*** Block opens ***

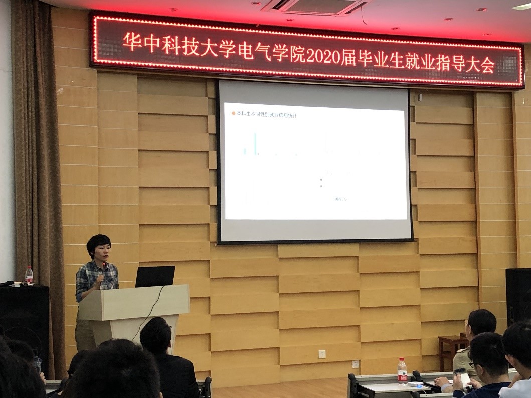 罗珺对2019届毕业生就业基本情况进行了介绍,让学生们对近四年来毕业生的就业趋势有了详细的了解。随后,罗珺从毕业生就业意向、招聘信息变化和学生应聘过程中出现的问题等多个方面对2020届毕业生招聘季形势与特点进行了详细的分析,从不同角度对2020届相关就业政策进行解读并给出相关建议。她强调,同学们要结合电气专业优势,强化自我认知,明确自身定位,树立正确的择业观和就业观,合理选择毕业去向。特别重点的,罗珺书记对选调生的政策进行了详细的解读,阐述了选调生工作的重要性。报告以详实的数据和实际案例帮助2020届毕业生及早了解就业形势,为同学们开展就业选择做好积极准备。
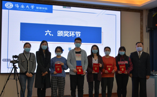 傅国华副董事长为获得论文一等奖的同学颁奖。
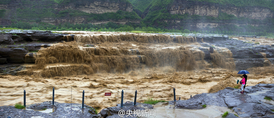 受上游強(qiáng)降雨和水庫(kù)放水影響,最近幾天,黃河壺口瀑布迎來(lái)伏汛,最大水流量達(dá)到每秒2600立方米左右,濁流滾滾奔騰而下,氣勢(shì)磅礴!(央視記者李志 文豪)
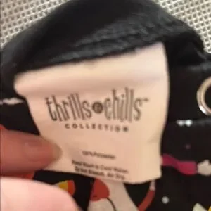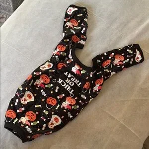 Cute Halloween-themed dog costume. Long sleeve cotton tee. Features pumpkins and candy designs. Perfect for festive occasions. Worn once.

*** Block closes ***
*** Block opens ***

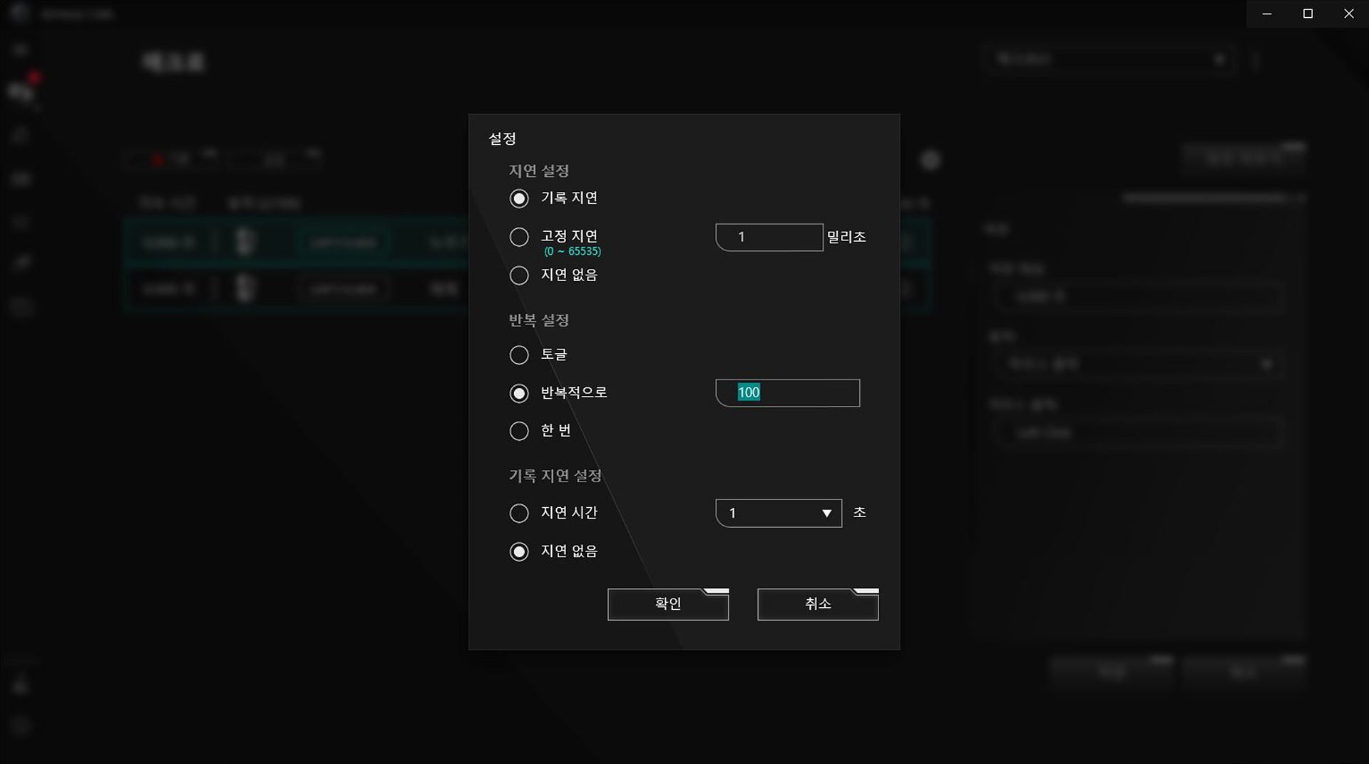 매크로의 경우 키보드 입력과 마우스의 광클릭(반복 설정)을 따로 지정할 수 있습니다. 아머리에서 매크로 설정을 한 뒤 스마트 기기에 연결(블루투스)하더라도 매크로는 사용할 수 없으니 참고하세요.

*** Block closes ***

Exercise details = An exact copy is needed. It runs from the line above containing "傅国华副董事长为获得论文一等奖的同学颁奖。" down to the line containing "Cute Halloween-themed dog", both included, with no pictures.

The completed task =
 傅国华副董事长为获得论文一等奖的同学颁奖。
 受上游強(qiáng)降雨和水庫(kù)放水影響,最近幾天,黃河壺口瀑布迎來(lái)伏汛,最大水流量達(dá)到每秒2600立方米左右,濁流滾滾奔騰而下,氣勢(shì)磅礴!(央視記者李志 文豪)
 Cute Halloween-themed dog costume. Long sleeve cotton tee. Features pumpkins and candy designs. Perfect for festive occasions. Worn once.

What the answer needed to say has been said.